Ringing in the New Year did not include getting the flu.  I had plans to start a new personal challenge and begin the New Year with a bang, but alas, the flu has had me sidelined for a week now.  The original plan for New Year’s Eve was to hike at Radnor Lake with our awesome friends the Hartman’s and Davis’s starting at 10 PM.  When the temperatures decided to be zero at midnight, we changed our minds.  We would have a nice quiet evening at home with a movie.  Saturday the Cook Family Christmas happened at our house.  I noticed that I did not eat much but that it typical as I was busy being the hostess along with my hubby.  Around 10:30, we went to bed and I was wracked with chills.  It was all I could do to stop shaking.  I checked my temp and is was 99.6.  Took a couple of Tylenol and got some sleep.  Still had fever the next morning.  Company had to fend for themselves.  Around 11, I checked my temp again and did not have any.  Stayed that way most of the day.  Around 7 PM it was back.  I went to the doctor the next morning – New Year’s Day.  Influenza A was the diagnosis.  UGH and I felt like crap.  So Monday and Tuesday, I drank fluids, ate very little and tried to keep my fever down.  Thank goodness for Tamiflu.  It does really help.

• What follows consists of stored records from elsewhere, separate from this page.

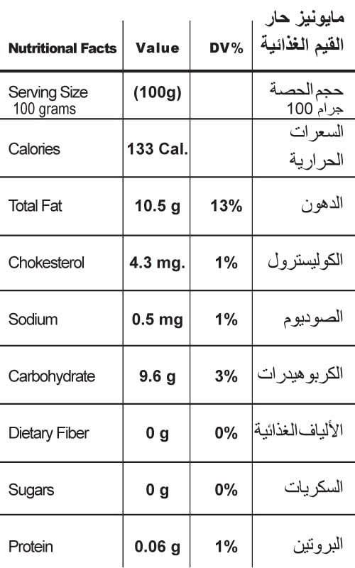 مع تركيبة طبيعية 100%، خالية من السكر المضاف، زيت الصويا، والزيوت المهدرجة – صار بإمكانك الاستمتاع بالنكهة الغنية من غير ما تتنازل عن صحتك. استخدمه كصلصة للسلطات، أو إضافته للسندويتشات، أو كبهار جانبي لأطباقك المفضلة.
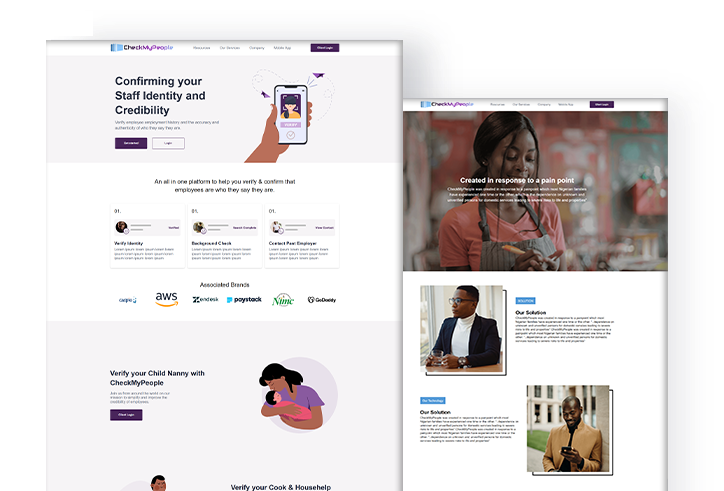 Check My People is a background screening service platform that helps businesses verify employee history and credentials. The website features a modern, professional design with clear service offerings and an intuitive user interface.
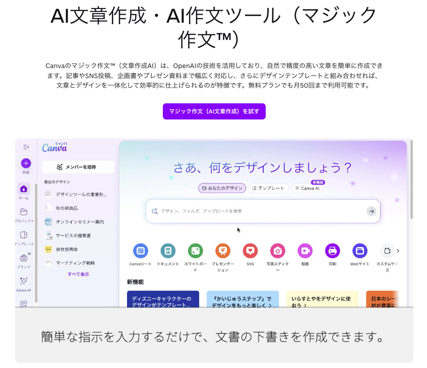 Canvaには複数のAI機能が搭載されており、チラシ制作の中でも特に時間がかかる「文章作成」と「画像素材の準備」を大幅に効率化できます。
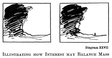 One is always profoundly impressed by the expression of a sense of bulk, vastness, or mass in form. There is a feeling of being lifted out of one's puny self to something bigger and more stable. It is this splendid feeling of bigness in Michael Angelo's figures that is so satisfying. One cannot come away from the contemplation of that wonderful ceiling of 34his in the Vatican without the sense of having experienced something of a larger life than one had known before. Never has the dignity of man reached so high an expression in paint, a height that has been the despair of all who have since tried to follow that lonely master. In landscape also this expression of largeness is fine: one likes to feel the weight and mass of the ground, the vastness of the sky and sea, the bulk of a mountain.
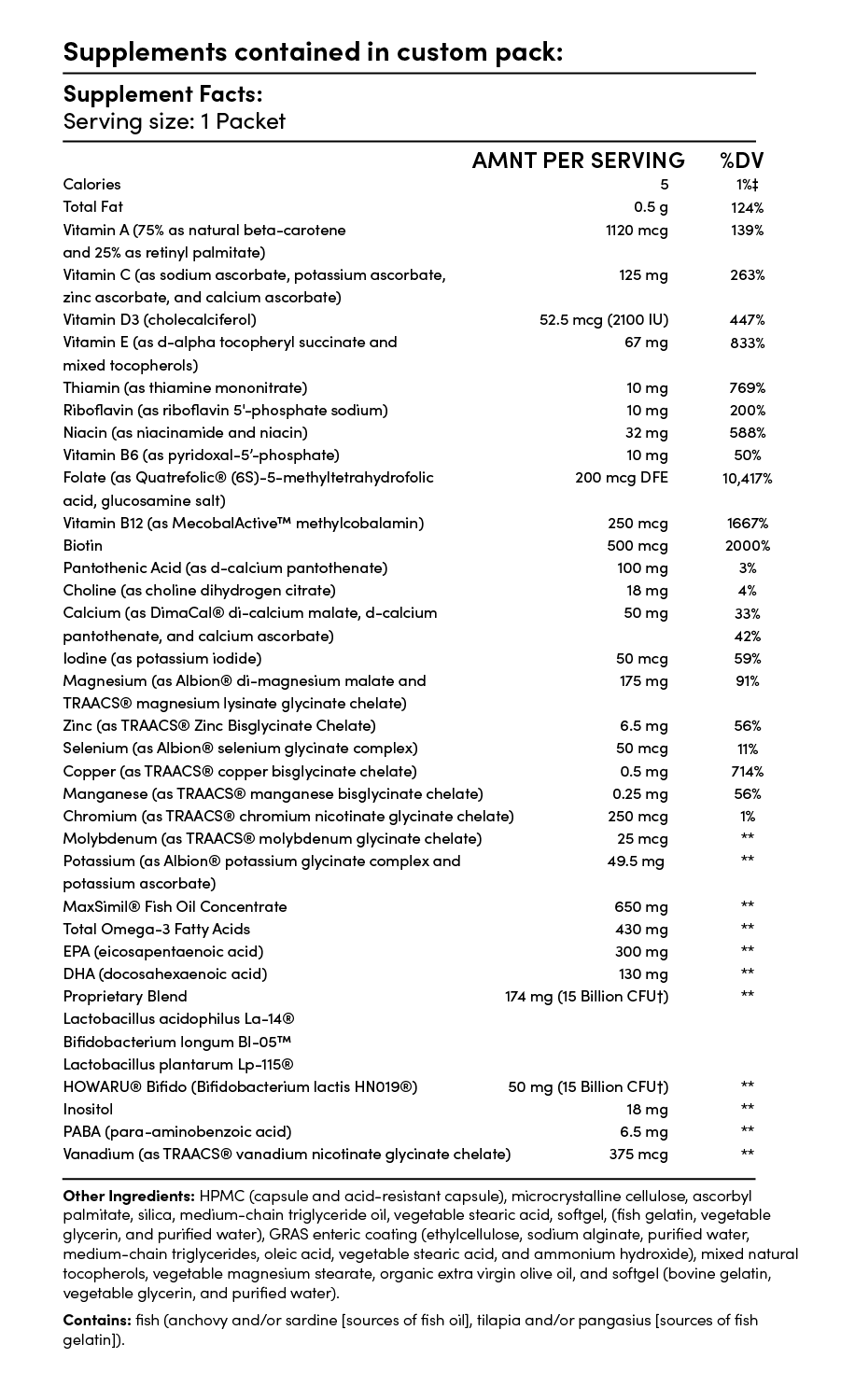 A balanced combination of nutrients for foundational wellness support, including multivitamin, omega, probiotic, vitamin D3 and magnesium in one daily pack.
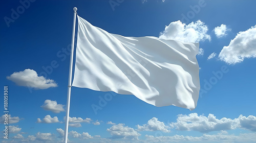 White Flag Flies Proudly Against a Vibrant Blue Sky with Fluffy White Clouds Gently Drifting By
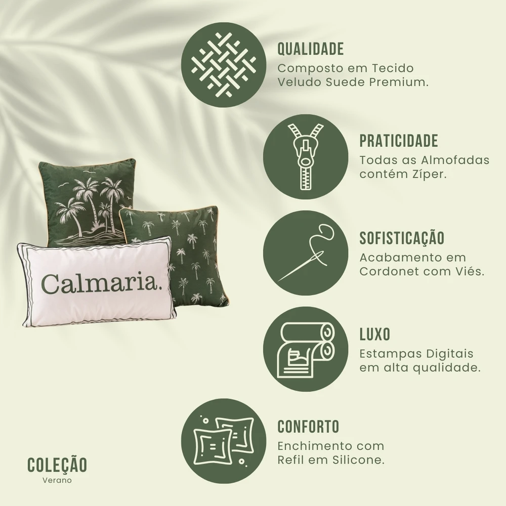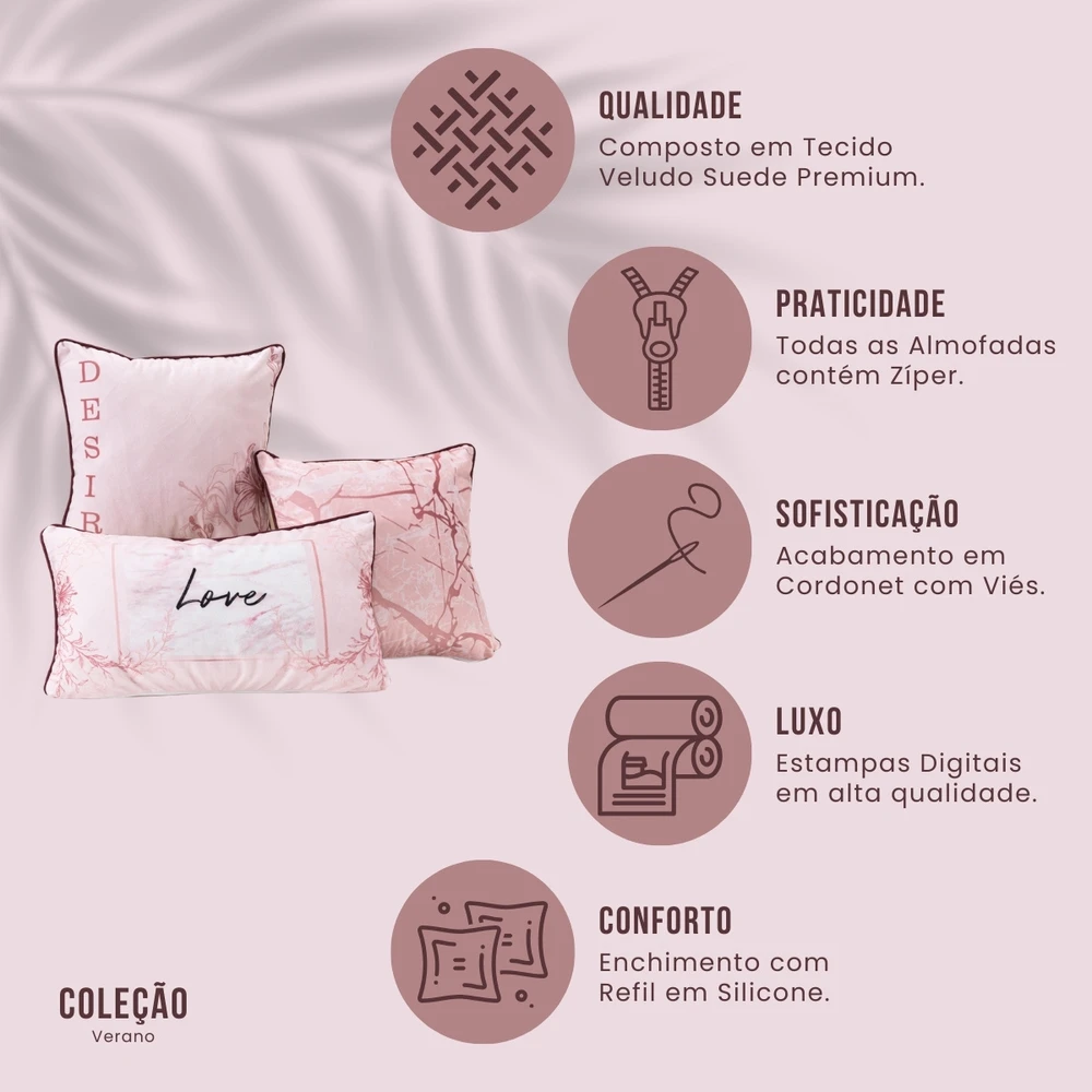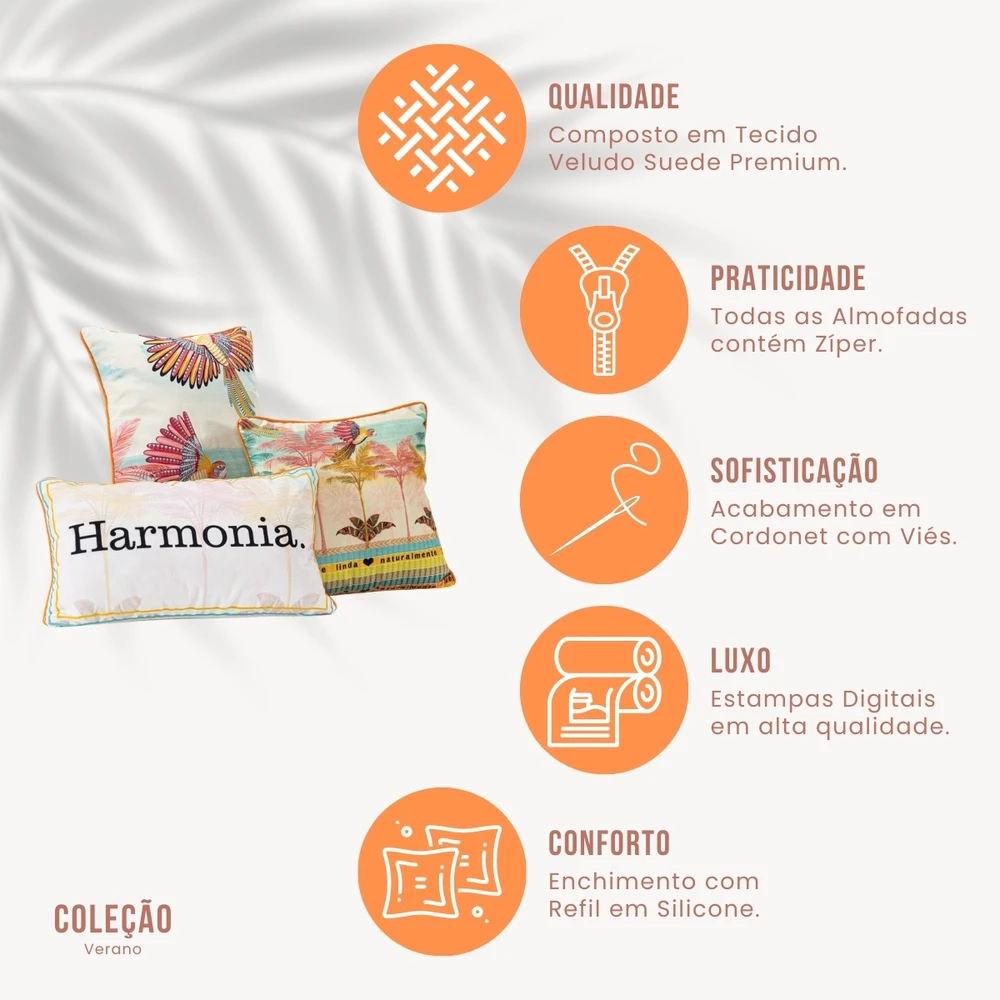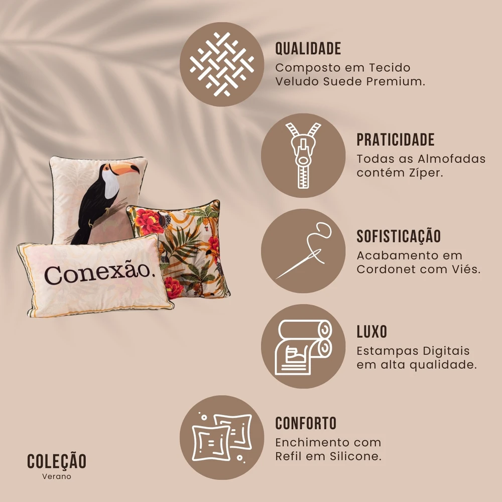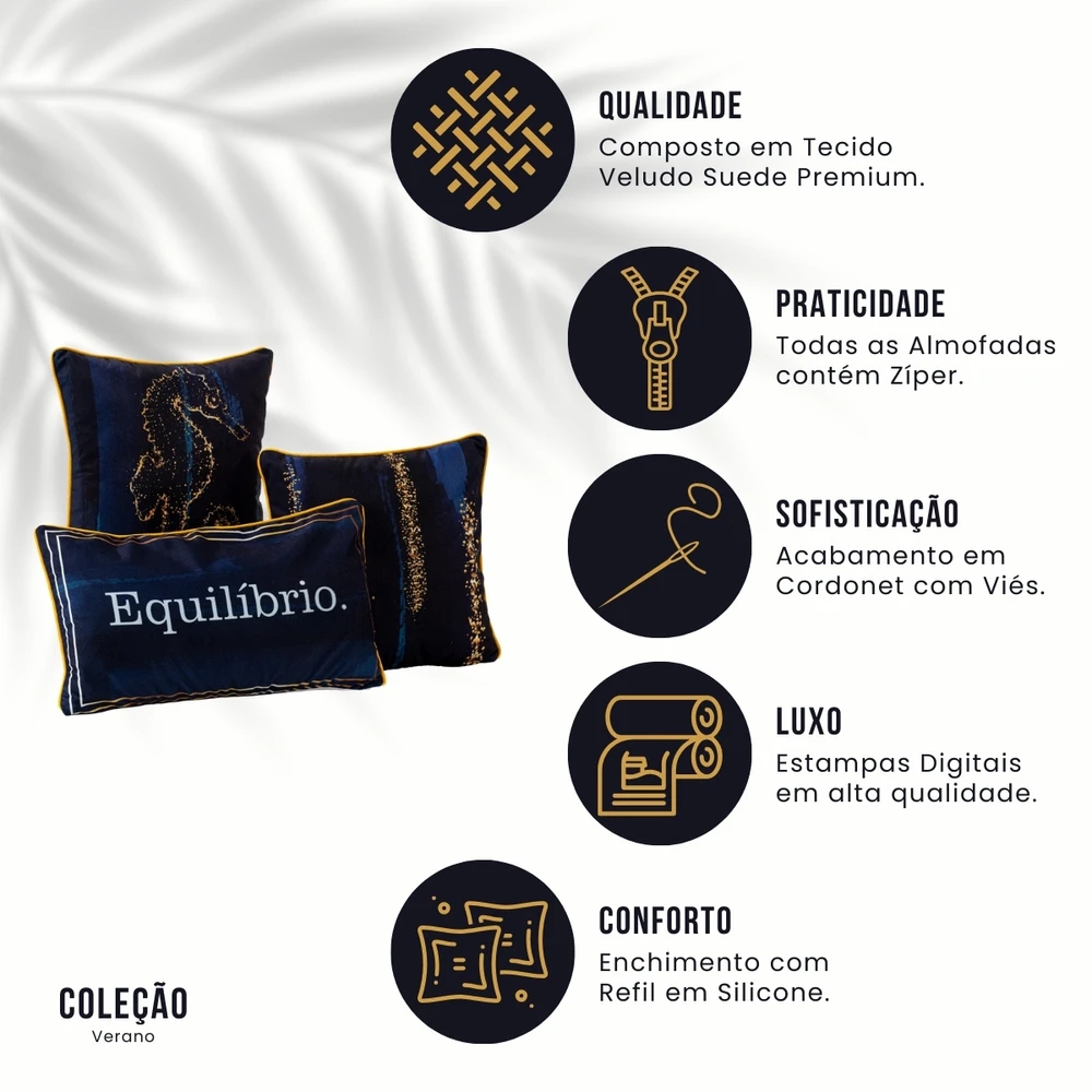 Transforme seu ambiente com a Coleção de Almofadas Verano, um conjunto sofisticado e perfeito para quem busca elegância e conforto. Produzidas em tecido veludo suede de alta qualidade, essas almofadas possuem estampas exclusivas que trazem toda a leveza e frescor do verão para a sua decoração, além de trazer lindas palavras escritas com o significado que cada elemento possui. Com o acabamento diferenciado em toda a volta em cordonet com viés. O enchimento em refil silicone garante uma maciez incomparável e durabilidade, mantendo a forma por mais tempo. Ideal para adicionar um toque de luxo e sofisticação aos sofás, camas ou poltronas, o Kit de Almofadas Verano é a escolha perfeita para quem deseja transformar o ambiente com estilo e praticidade. Além de serem super aconchegantes, elas são versáteis e combinam facilmente com diversos estilos de decoração, seja para uma casa de praia ou um ambiente mais urbano. Renove sua decoração e viva o verão o ano inteiro com essas almofadas cheias de estilo! Confira!

By Wednesday I was feeling a bit more human so I decided to do some more planning for 2018, write down the feelings I want to feel and began thinking about the action steps I need to take

to get there.  For 2018 I am following “>The Desire Map by Danielle Laporte and getting in touch with the feelings that I want to focus on instead of just typical goals.  I am only part of the way through this book but I highly recommend it for looking at goals in a whole new way.  This year I want to feel healthy, secure, empowered, accomplished, loved, energetic, sexy and fulfilled.  I am not through with my list yet so it may change or get added to.  I will post more about the book and where it is taking me.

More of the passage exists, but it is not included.